日経新聞夕刊、米文学者越川芳明さんの4月25日の連載から。

『キューバの黒人信仰で司祭が行うイファ占いは、格言の宝庫だ。
 256通りある運勢のひとつには、「人間の体にとって魂とは、空を飛ぶ鳥の羽根のようなものだ」という格言がついている。
 いくら体が丈夫でも、魂が傷ついていると生きていけない、という意味で、心の大切さを述べたものだ。』

今日4月27日の毎日新聞書評、最相葉月著「セラピスト」を評した池澤夏樹さんの文章がとても興味深かった。その中から。

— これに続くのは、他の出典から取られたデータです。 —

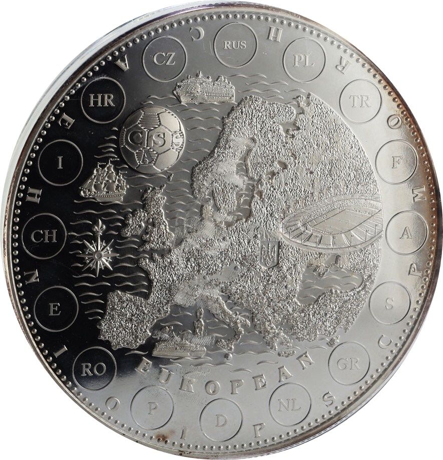 Описание: Карта Европы с футбольным стадионом, мячом, кораблями и розой ветров. По периметру указаны инициалы стран, участвующих в чемпионате.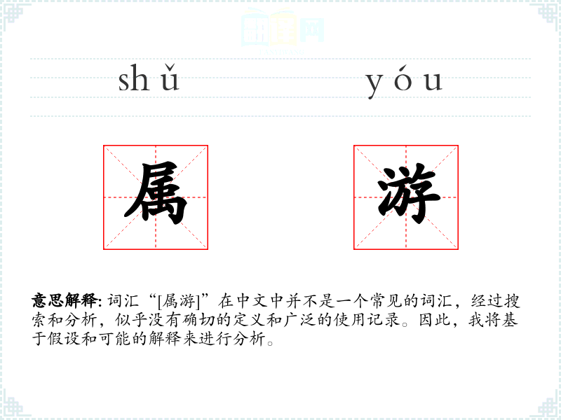 词汇“[属游]”在中文中并不是一个常见的词汇,经过搜索和分析,似乎没有确切的定义和广泛的使用记录。因此,我将基于假设和可能的解释来进行分析。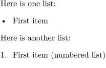 Here is one list: \startitemize \item First item \stopitemize Here is another list: \startitemize[n] \item First item (numbered list) \stopitemize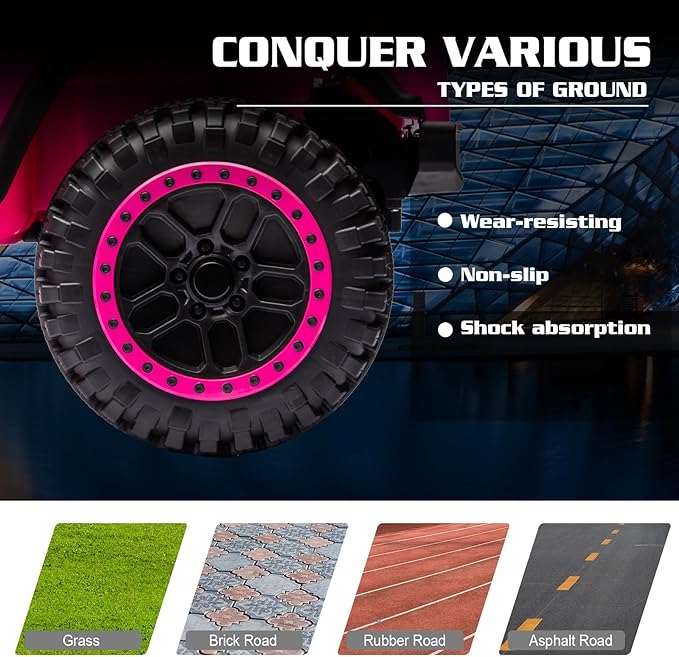 - 【Powerful 24V Off-Road Performance】This Power Wheels kids' electric equipped with a 24V battery and 2 powerful motors. Four-wheel suspension system design effortlessly conquers various terrains such as grass, gravel, asphalt, brick roads, and wooden planks. The rear shock absorbers ensure smooth operation at a maximum speed of 3.7 miles per hour.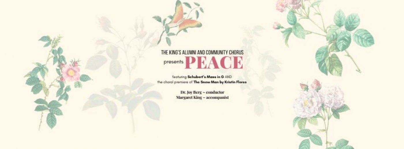 Join us for an inspiring evening of choral artistry as The King's Alumni and Community Chorus presents Peace — a concert that reflects on serenity, hope, and the quiet strength that music brings to our lives.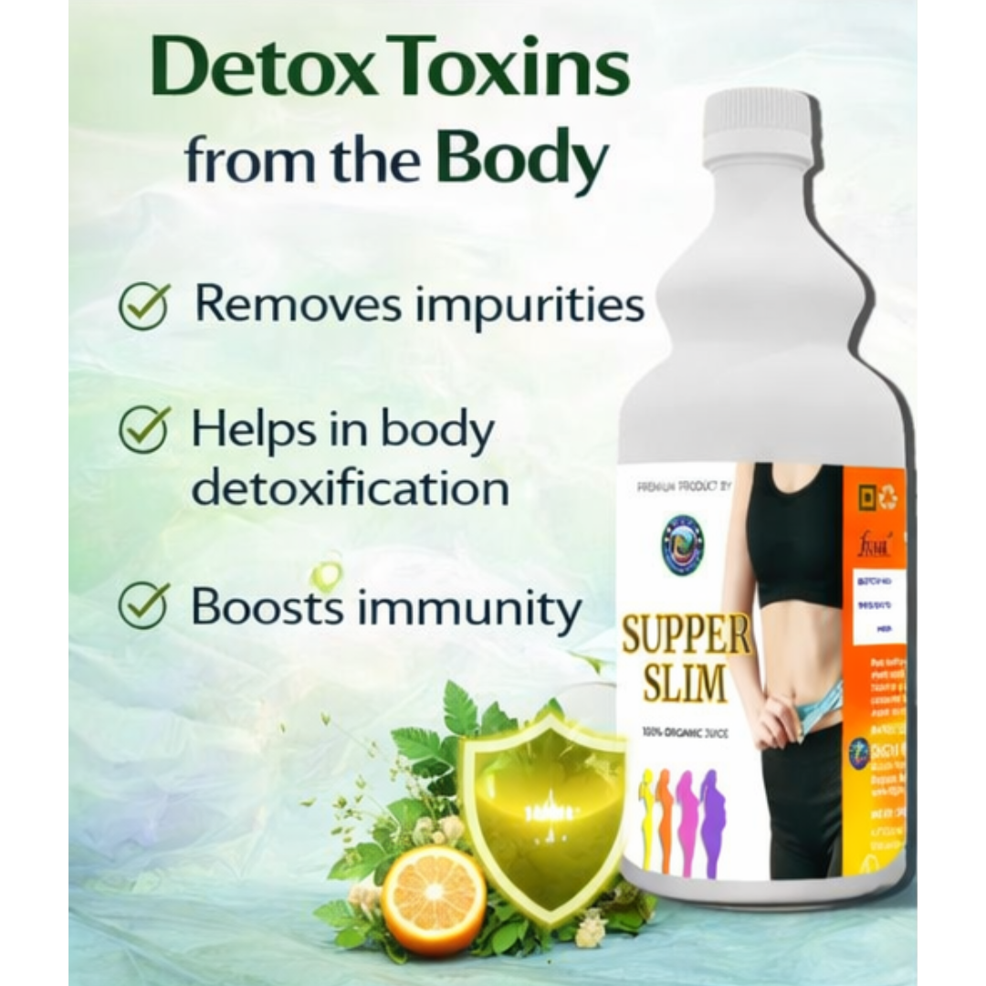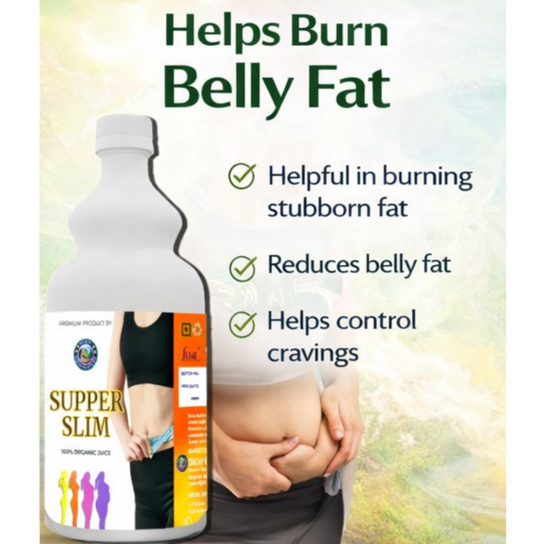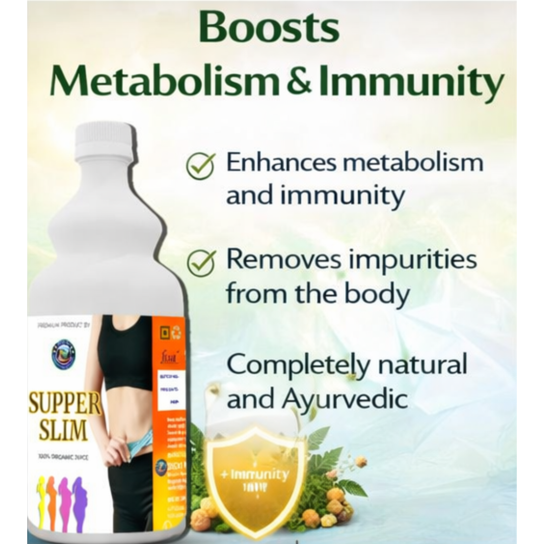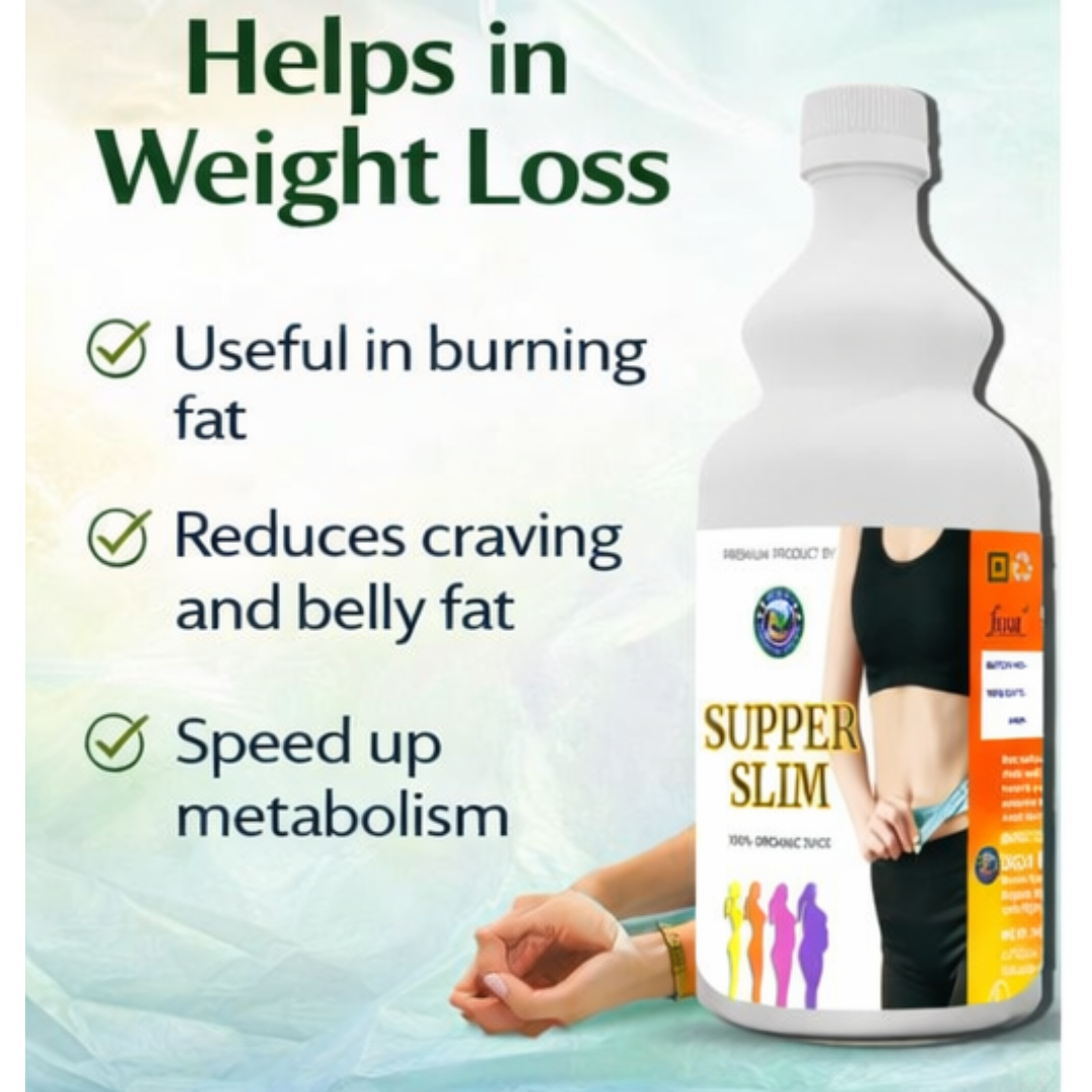 Super Slim Juice is an advanced Ayurvedic formulation designed to support healthy weight management, improve metabolism, and detoxify the body naturally. Enriched with a powerful blend of herbal extracts, this juice helps in reducing excess fat, controlling cravings, and promoting a healthier lifestyle.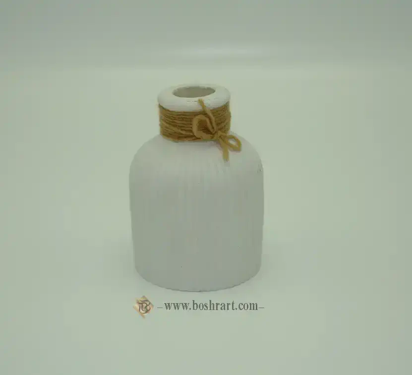 خرید گلدان بتنی سفید مدرن با بند کنفی | انتخابی شیک برای گل‌های خشک و دکوراسیون خاص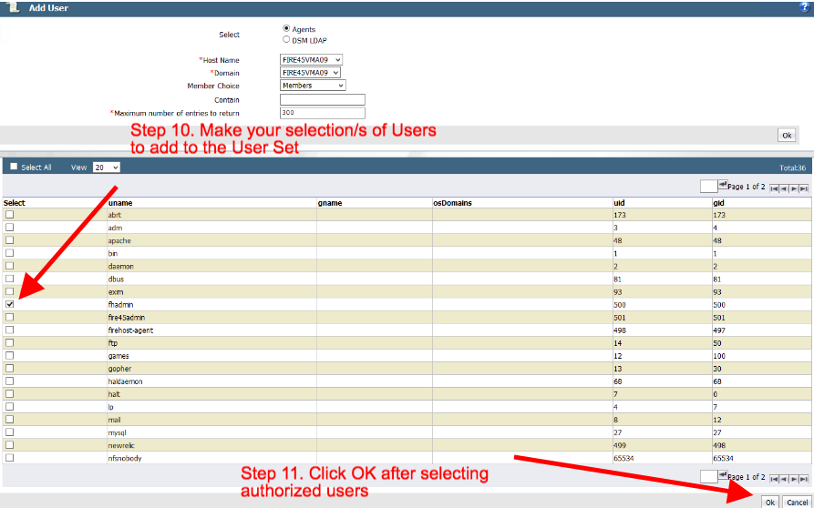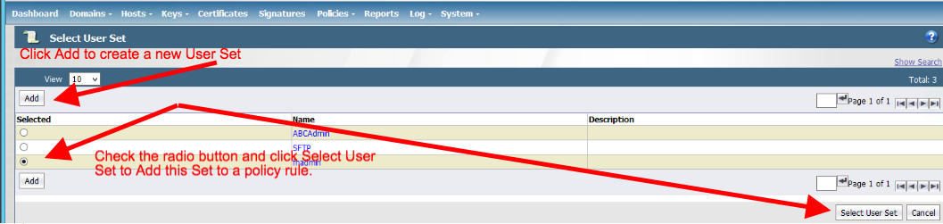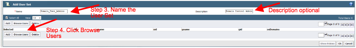(Optional) You can also modify an existing User Set. To modify, mark the button that corresponds to the desired User Set, click Select User Set, and then manually type the user information or use the remote browse feature to populate a user list on a specified virtual machine.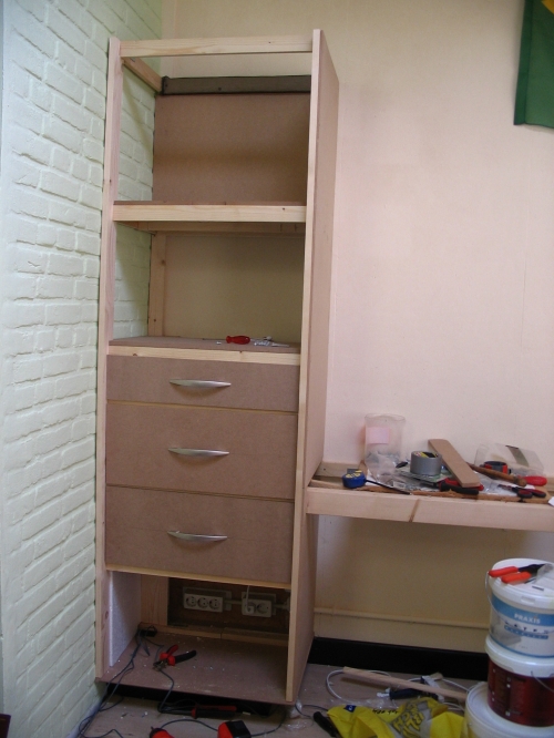 De lades zelf worden gemaakt van resthout van eerdere projecten uit m'n vorige huis. Je ziet oa een deel van m'n oude tv kast.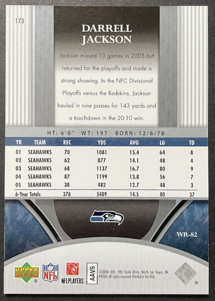 About Me Other Listings Feedback Add to Favorites Contact Me eBay Store Calgary Card Shop 2006 Upper Deck Ultimate Collection Darrell Jackson 463/525 Seattle Seahawks No stock photo / These are real scans or pictures Details Description: Darrell Jackson Category: Football Year: 2006 Product: Upper Deck Ultimate Collection Team: Seattle Seahawks Card Number: 173 Serial Number: 463/525 Dimensions: 3½" x 2½" SKU: FT B00001 R01 H (18) Shipping Shipping Canada: Lettermail or Registered Mail, Expedited Parcel Combined Shipping Free United States: USPS First Class Combined Shipping $0.50/each USPS First Class Listing By Kronocard trading cards software v2.8.2.3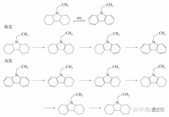 传统有机液体氢化物难以实现低温脱氢,导致难以大规模应用和发展。因此有人提出用不饱和芳香杂环有机物作为新型储氢介质,其中咔唑和乙基咔唑是典型代表。咔唑主要存在煤焦油中,可通过精馏或萃取等方法得到,常温下为片状结晶。研究表明咔唑可在250℃下加氢、在220℃下脱氢。乙基咔唑常温常压下也是无色片状晶体,可以在130℃~150℃下快速加氢,在150℃~170℃下脱氢,是较为理想的储氢介质。国内氢阳能源的液态有机储氢技术很可能采用了乙基咔唑作为储氢介质。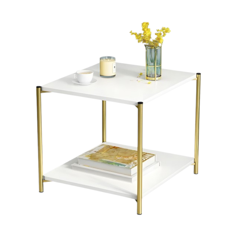 Βοηθητικό τραπεζάκι σαλονιού διώροφο, σε μοντέρνο σχεδιασμό που θα προσδώσει πολυτέλεια και πρακτικότητα στο χώρο σας. Μεταλλικός σκελετός χάλυβα.Επιφάνεια MDF & λάκα.Διαστάσεις: Ύψος: 43 cmΠλάτος: 40 x 40 cm

『ぼくには心は小さな窓がいくつか開いた家のように見える。ブラックボックスで、中の仕掛けはわからない。入ってゆくものがあって出てくるものがあるだけ。窓から覗いても内部の狭い範囲しか見えない。
 人のことを言っているのではない。自分の心もそういうものとしか思えないのだ。
 ・・・・・・
 絵画や箱庭の治療に効果があるのはそれが物語を紡ぐことだからか、という問いに中井(久夫)はそこには無理があると答えて、「言語は因果関係からなかなか抜けないのですね」と言う。
 描かれた絵を心の物語の挿絵にしてしまってはいけない。村上春樹は河合隼雄と親しかった。彼の物語はあちこちに謎が残る。ひょっとして彼は物語を書きながら因果関係を抜けだそうとしたのではないか。『ねじまき鳥クロニクル』を大がかりな箱庭療法・絵画療法の成果と考えるとつじつまが合うのだが。』

雑誌「Number」852号はF1ドライバー、アイルトン・セナの特集。セナの広報担当を務めたベアトリス・アスンソンの「ゆったりとした時間を生きている人」という文章から。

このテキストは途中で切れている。